Introductory description

In today's world, artificial intelligence and data science are powering innovation in virtually all industries and domains. The ability to build machines, and algorithms, that are able to reason and make decisions autonomously offers not only huge benefits to modern business, but to society as a whole. This module provides a hands-on exposure to the practice of developing AI/machine learning algorithms and implementing them in a variety of problem sets and datasets

Module aims

This module aims to enable participants to select, implement and evaluate deep learning algorithms in data science and artificial intelligence. In particular, the module highlights several of the most common, and in-demand, modern algorithms including recurrent, convolutional and other neural networks. Alongside technical knowledge, participants should develop an understanding of the applicability of different types of artificial intelligence & machine learning to common problems, and best practice for data science and artificial intelligence projects.

Outline syllabus

This is an indicative module outline only to give an indication of the sort of topics that may be covered. Actual sessions held may differ.

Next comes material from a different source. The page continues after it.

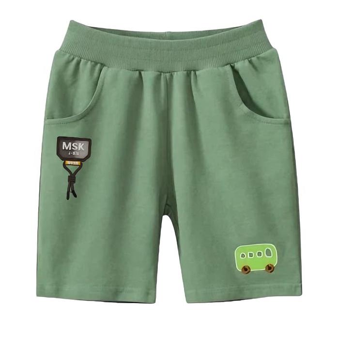 Masyken Trans- Celana Pendek Anak Laki - Usia 1-13 Tahun Bahan Babytery Premium - Hijau Sage Bus, S
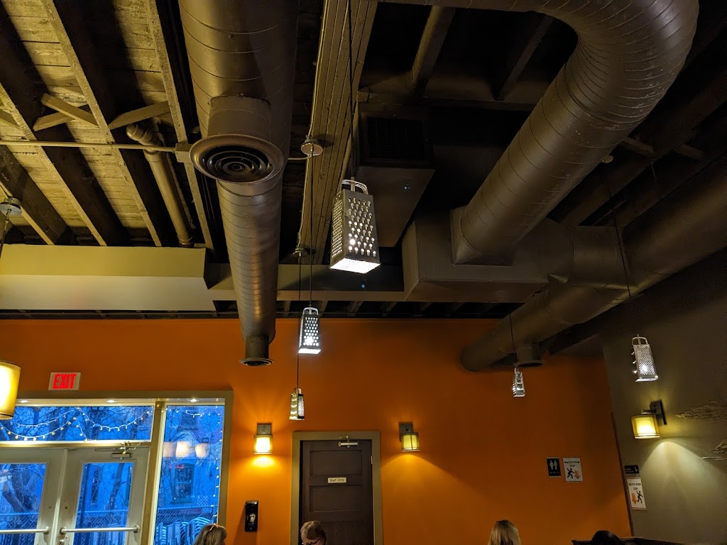 Intimate, friendly. Not some crazy fancy place that makes you feel like youve got to dress up, and also not some place thats a hole in the wall. Solid menu and great service. If youre looking for a nice night out with friends, casual dinner date. This place is for you. Also they have cheese graters for light bulb covers, which is hilarious

Core concepts of Artificial Intelligence & Deep Learning; Data pre-processing & engineering; Optimisation algorithms (SGD, Adam, etc.); Artificial Neural Networks (ANN): autoencoders; Convolutional Neural Networks (CNN); Recurrent Neural Networks (RNN) & Long-Short Term Memory (LSTM); attention models; transformer models; Q-learning; Bayesian Neural Networks (BNN); Variational Autoencoders (VAE); Generative Adversarial Networks (GAN); transfer learning; Siamese networks; Model training and evaluation.

Learning outcomes

By the end of the module, students should be able to:

  • Interpret and evaluate various use-cases and the applicability of artificial intelligence and deep learning.
  • Adopt best practices for data processing and engineering for artificial intelligence and deep learning models.
  • Implement, interpret and critique current, professional standard learning models.
  • Automate deployment-ready deep learning pipelines and algorithms.
  • Evaluate and interpret the results of deep learning models and tune them to optimise performance.

Indicative reading list

View reading list on Talis Aspire

Interdisciplinary

In particular, combining computer science and mathematics/statistics

International

International demand remains high for graduates with the skills incorporated in this module

Subject specific skills

Artifical intelligence, deep learning, statistics, machine learning, software development, data analysis

Transferable skills

Programming, statistics and modelling, team work, critical analysis

Study time

Type Required
Lectures 12 sessions of 1 hour 30 minutes (12%)
Seminars 6 sessions of 1 hour 30 minutes (6%)
Supervised practical classes 12 sessions of 1 hour 30 minutes (12%)
Assessment 105 hours (70%)
Total 150 hours

Private study description

No private study requirements defined for this module.

Costs

No further costs have been identified for this module.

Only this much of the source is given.